You have the right to object to the processing of your personal data on the following grounds: where it is based on legitimate interests or the performance of a task in the public interest/exercise of official authority (including profiling); for direct marketing (including profiling); and processing for purposes of scientific/historical research and statistics.
CAMG can confirm that it will not process your personal data under any of the above grounds.

Rights related to automatic decision making including profiling

You have the right to ask for information about the processing of your personal information and request our intervention or challenge a decision where processing is done solely by automated processes and carry out regular checks to make sure that where automated decision making and profiling processes are used are working as they should.

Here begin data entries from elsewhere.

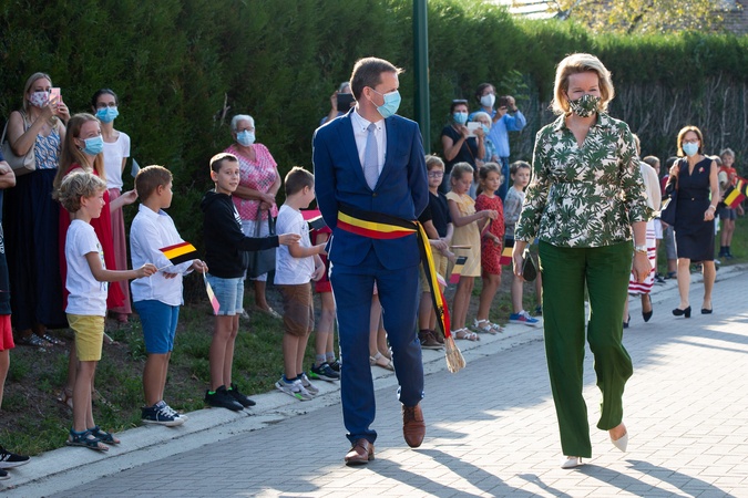 Krolowa Matylda w koszuli w palmy spotkala sie z dziecmi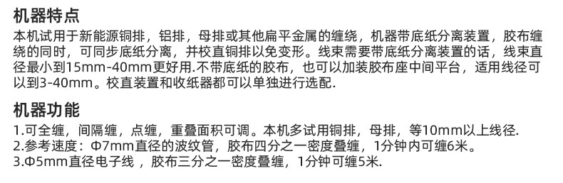 2.本机多试用铜排,母排,等 10mm 以上线径. 参考速度:Φ7mm 直径的波纹管,胶布四分之一密度叠缠,1 分钟内可缠 6 米。
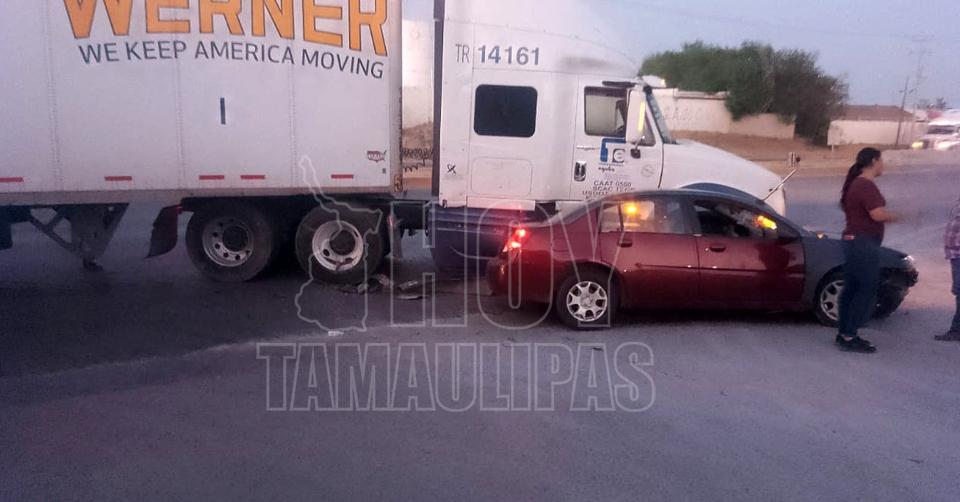 Deja daños choque entre tráiler y auto en Nuevo Laredo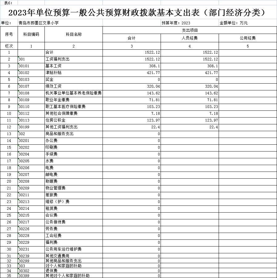 六、2023年单位预算一般公共预算财政拨款基本支出表(部门经济分类)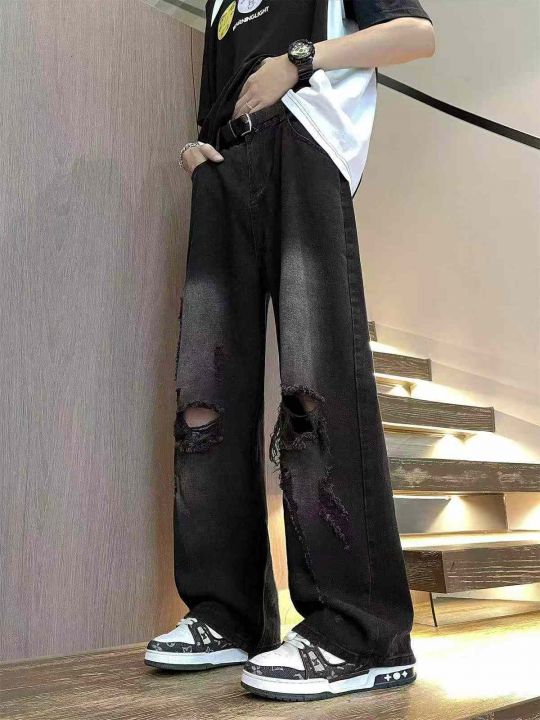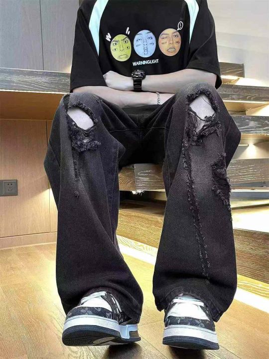 春夏季新款男美式vibe高街百搭黑色痞帅复古阔腿潮牌宽...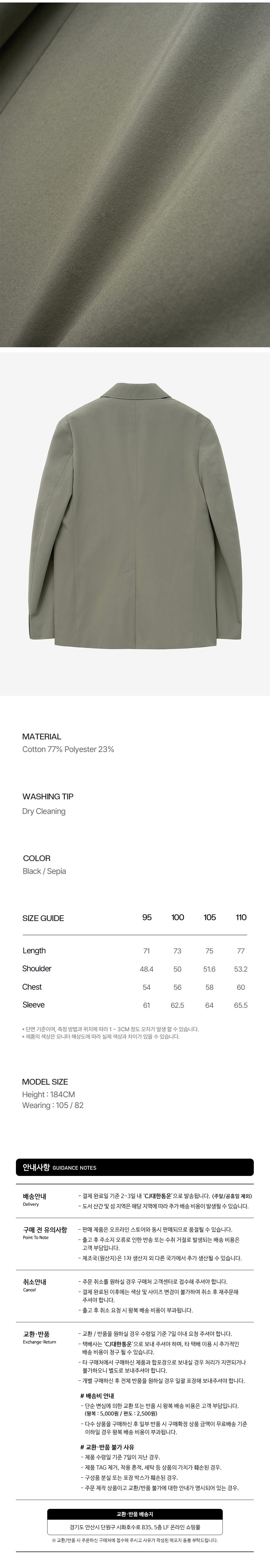 티엔지티 세피아 3버튼 코튼 테일러드 셋업 자켓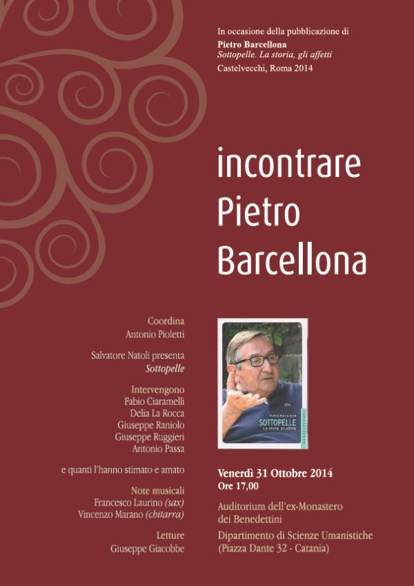 La pubblicazione postuma della sua autobiografia Sottopelle. La storia, gli affetti (Castelvecchi, 2014) è l’occasione per un incontro, a poco più di un anno dalla sua scomparsa (6 settembre 2013), dedicato non a un semplice ricordo di Pietro Barcellona, ma alla finalità di far rivivere quel che di contributi scientifici, intuizioni culturali, messaggi artistici, relazioni umane, egli ha lasciato come segno indelebile non solo nel mondo degli studi ma nella vita di chi ha avuto modo di formarsi al suo magistero o semplicemente di frequentarlo: un’ansia permanente di cercare il senso della vita, di comprendere il mondo, di mettersi in discussione, di dubitare, di dialogare.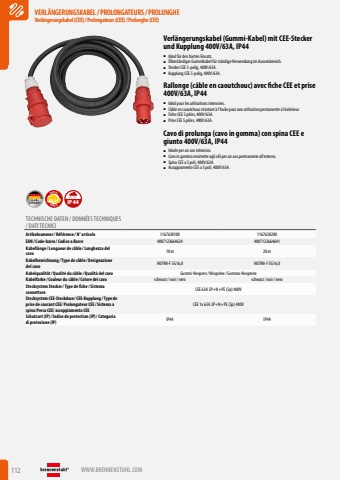 112 WWW.BRENNENSTUHL.COMVERL%u00c4NGERUNGSKABEL/PROLONGATEURS/PROLUNGHEVerl%u00e4ngerungskabel (CEE)/ Prolongateurs (CEE)/ Prolonghe (CEE)VERL%u00c4NGERUNGSKABEL/PROLONGATEURS/PROLUNGHEVerl%u00e4ngerungskabel (CEE)/ Prolongateurs (CEE)/ Prolonghe (CEE)Verl%u00e4ngerungskabel (Gummi-Kabel) mit CEE-Stecker und Kupplung 400V/63A, IP44%u25a0 Ideal f%u00fcr den harten Einsatz.%u25a0 %u00d6lbest%u00e4ndiges Gummikabel f%u00fcr st%u00e4ndige Verwendung im Aussenbereich.%u25a0 Stecker CEE 5-polig, 400V/63A.%u25a0 Kupplung CEE 5-polig, 400V/63A.Rallonge (c%u00e2ble en caoutchouc) avec fiche CEE et prise 400V/63A, IP44%u25a0 Id%u00e9al pour les utilisations intensives.%u25a0 C%u00e2ble en caoutchouc r%u00e9sistant %u00e0 l%u2019huile pour une utilisation permanente %u00e0 l%u2019ext%u00e9rieur.%u25a0 Fiche CEE 5 p%u00f4les, 400V/63A.%u25a0 Prise CEE 5 p%u00f4les, 400V/63A.Cavo di prolunga (cavo in gomma) con spina CEE e giunto 400V/63A, IP44%u25a0 Ideale per un uso intensivo.%u25a0 Cavo in gomma resistente agli olii per un uso permanente all%u2019esterno.%u25a0 Spina CEE a 5 poli, 400V/63A.%u25a0 Accoppiamento CEE a 5 poli, 400V/63A.ROBUSTSPECIALIP44TECHNISCHE DATEN / DONN%u00c9ES TECHNIQUES / DATI TECNICIArtikelnummer/ R%u00e9f%u00e9rence / N%u00b0 articolo 1167630100 1167630200EAN/ Code-barre / Codice a Barre 4007123664634 4007123664641Kabell%u00e4nge / Longueur de c%u00e2ble / Lunghezza del cavo10 m 20 mKabelbezeichnung / Type de c%u00e2ble / Designazione del cavo H07RN-F 5G16,0 H07RN-F 5G16,0Kabelqualit%u00e4t/ Qualit%u00e9 du c%u00e2ble / Qualit%u00e0 del cavo Gummi-Neopren / N%u00e9opr%u00e8ne/ Gomma-NeopreneKabelfarbe / Couleur du c%u00e2ble / Colore del cavo schwarz/ noir/ nero schwarz/ noir/ neroStecksystem Stecker/ Type de fiche / Sistema connettore CEE 63A 3P+N+PE (5p) 400VStecksystem CEE-Steckdose/ CEE-Kupplung / Type de prise de courant CEE/ Prolongateur CEE/ Sistema a spina Presa CEE/ accoppiamento CEECEE 1x 63A 3P+N+PE (5p) 400VSchutzart (IP)/ Indice de protection (IP)/ Categoria di protezione (IP) IP44 IP44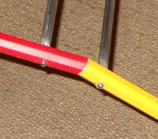 Pero los diámetros fueron muy diferentes. Así que lo solucioné utilizando un bastón ornamental secando que reclama del jardín de mi esposa, obligando así a las piezas a ser concéntricos. Luego perforar agujeros a través de los dos tubos y utilizar remaches para fijarla firmemente.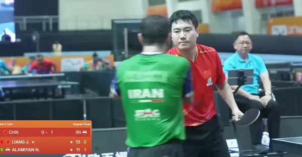 未罰黃牌引質疑!伊朗教練違規闖場,國乒3一1逆轉顯底氣
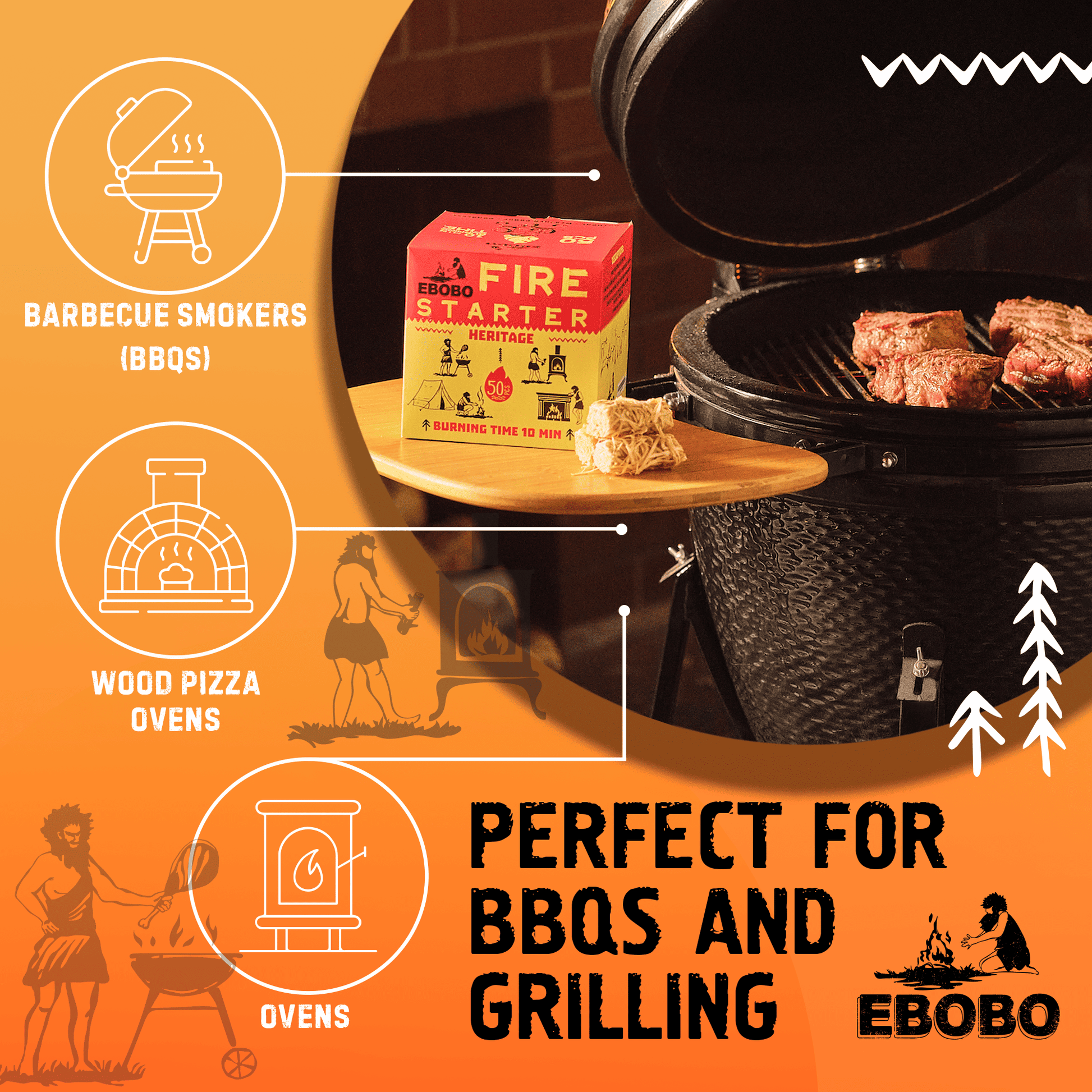 Start your fire effortlessly with EBOBO natural  fire starters made from wood wool and wax. These firelighters are ideal for fireplaces, BBQs, wood stoves, fire pits, and more. Simply light one and place it under your wood or charcoal – no need for lighter fluid or kindling. They burn cleanly, leave no chemical smell, and work reliably even in windy or damp conditions. A natural solution for everyday fire-starting needs.
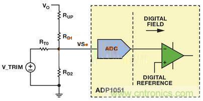 VS+引腳上的正常工作電壓為1V。若 VTRIM為1V左右且RT0遠(yuǎn)大于RD2,則可忽略電路的其余分支部分。復(fù)合網(wǎng)絡(luò)用作簡(jiǎn)單分壓器,并調(diào)節(jié)RUP電阻值,提供類(lèi)似于模擬控制器的特性,實(shí)現(xiàn)了模擬電源模塊中的電壓向上調(diào)整。

CAMG can confirm that it does not use automated individual decision-making (making a decision solely by automated means without any human involvement); and profiling (automated processing of personal data to evaluate certain things about an individual). As part of its decision-making process.

How to make a complaint

We will always strive to collect, use and safeguard your personal information in line with data protection laws. If you do not believe we have handled your information as set out in our Privacy Policy, please contact the Data controller at CAMG LLP and we will endeavour to resolve your concern.

If you are still unhappy, you can report your concerns to the Information Commissioner’s Office. You can report your concerns at:

https://ico.org.uk/concerns/

NB this policy is constantly under review, so please check our website for the most recent version.